**** DATA FOR PROCESSING ****
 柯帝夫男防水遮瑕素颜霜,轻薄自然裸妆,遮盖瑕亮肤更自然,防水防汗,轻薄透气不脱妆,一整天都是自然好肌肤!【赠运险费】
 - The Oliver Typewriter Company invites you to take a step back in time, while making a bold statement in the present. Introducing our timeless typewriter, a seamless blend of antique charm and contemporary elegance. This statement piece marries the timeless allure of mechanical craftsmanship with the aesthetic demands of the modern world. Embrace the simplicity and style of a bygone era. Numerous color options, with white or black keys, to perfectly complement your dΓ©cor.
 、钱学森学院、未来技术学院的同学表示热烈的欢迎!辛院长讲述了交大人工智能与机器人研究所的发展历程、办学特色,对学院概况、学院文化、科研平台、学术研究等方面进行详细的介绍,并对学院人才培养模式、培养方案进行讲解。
****
**** DATA FOR PROCESSING ****
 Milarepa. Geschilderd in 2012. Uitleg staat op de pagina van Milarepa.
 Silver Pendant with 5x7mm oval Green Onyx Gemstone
****
**** DATA FOR PROCESSING ****
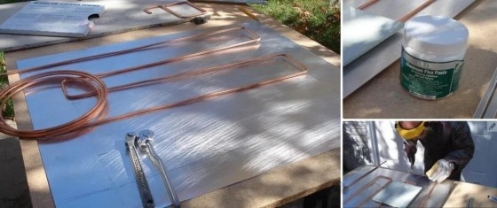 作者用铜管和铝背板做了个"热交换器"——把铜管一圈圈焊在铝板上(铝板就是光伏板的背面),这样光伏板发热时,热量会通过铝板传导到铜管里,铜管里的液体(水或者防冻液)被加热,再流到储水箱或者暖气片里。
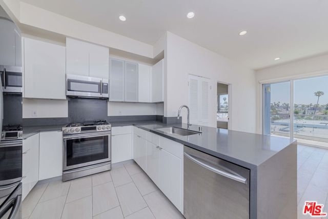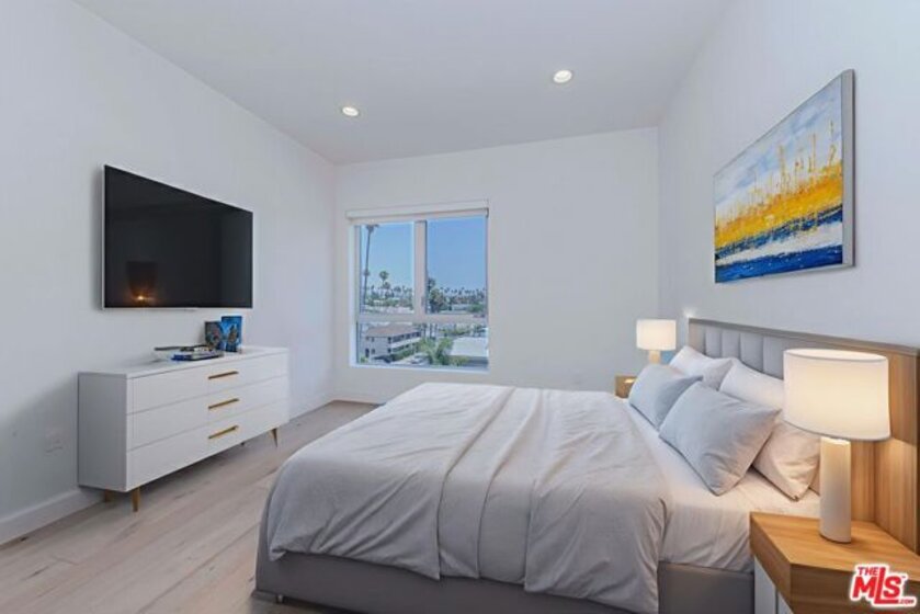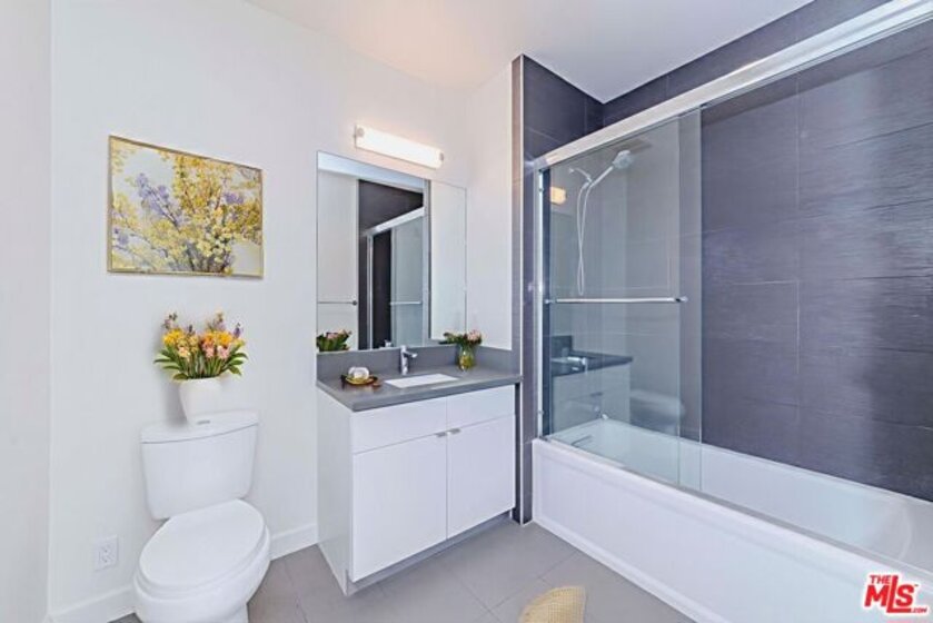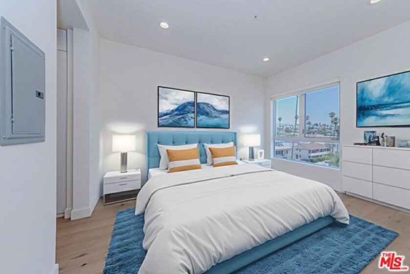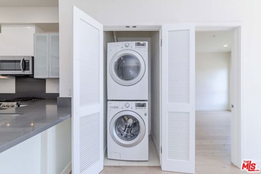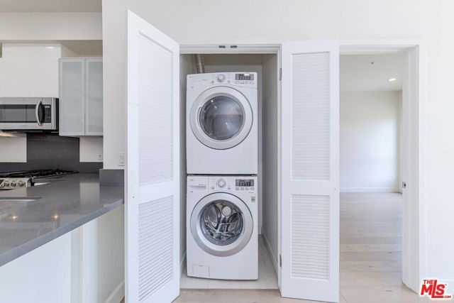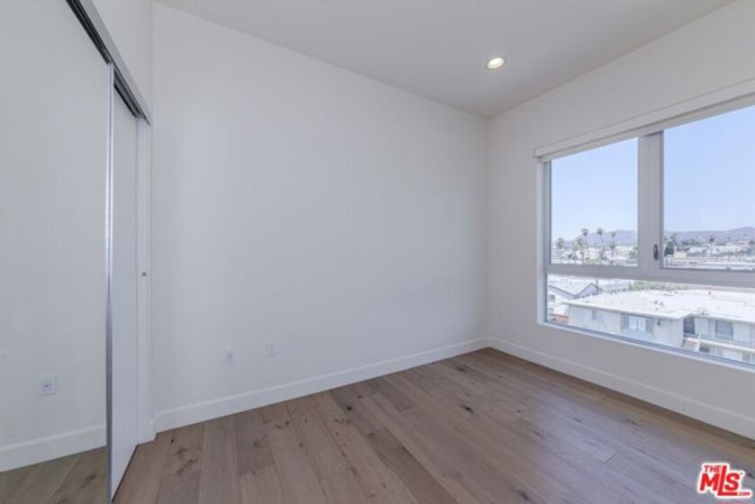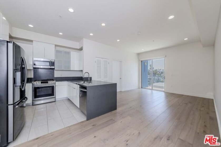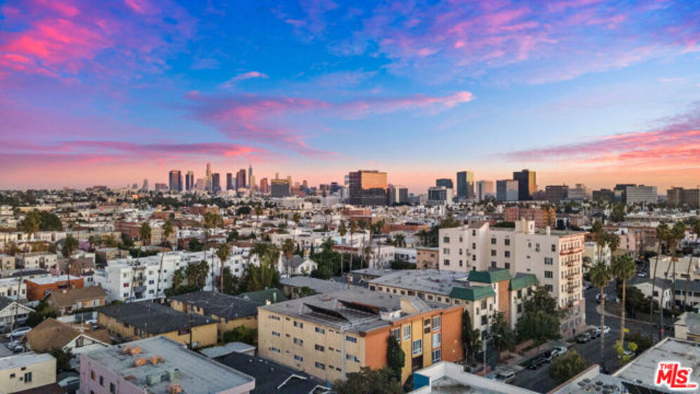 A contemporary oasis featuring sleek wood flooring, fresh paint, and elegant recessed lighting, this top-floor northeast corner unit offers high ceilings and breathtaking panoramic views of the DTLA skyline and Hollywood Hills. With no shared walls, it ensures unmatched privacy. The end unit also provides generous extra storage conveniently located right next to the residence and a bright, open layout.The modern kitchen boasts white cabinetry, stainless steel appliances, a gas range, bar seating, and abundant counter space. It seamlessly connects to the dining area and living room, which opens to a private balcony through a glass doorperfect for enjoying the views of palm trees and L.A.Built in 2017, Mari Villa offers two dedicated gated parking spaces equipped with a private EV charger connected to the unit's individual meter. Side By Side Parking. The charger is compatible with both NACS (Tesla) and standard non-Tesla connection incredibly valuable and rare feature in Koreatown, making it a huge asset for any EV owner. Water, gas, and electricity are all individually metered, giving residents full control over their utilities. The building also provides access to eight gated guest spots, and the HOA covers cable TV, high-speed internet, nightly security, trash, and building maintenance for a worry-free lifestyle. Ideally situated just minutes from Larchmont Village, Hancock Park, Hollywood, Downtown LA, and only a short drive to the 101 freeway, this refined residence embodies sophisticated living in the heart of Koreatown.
****
* [TASK GOAL] Retype, exactly and in full, the lines above from the one containing "Milarepa. Geschilderd in" through the one containing "Silver Pendant with".

* [RESULT OF THIS EXERCISE]
 Milarepa. Geschilderd in 2012. Uitleg staat op de pagina van Milarepa.
 Silver Pendant with 5x7mm oval Green Onyx Gemstone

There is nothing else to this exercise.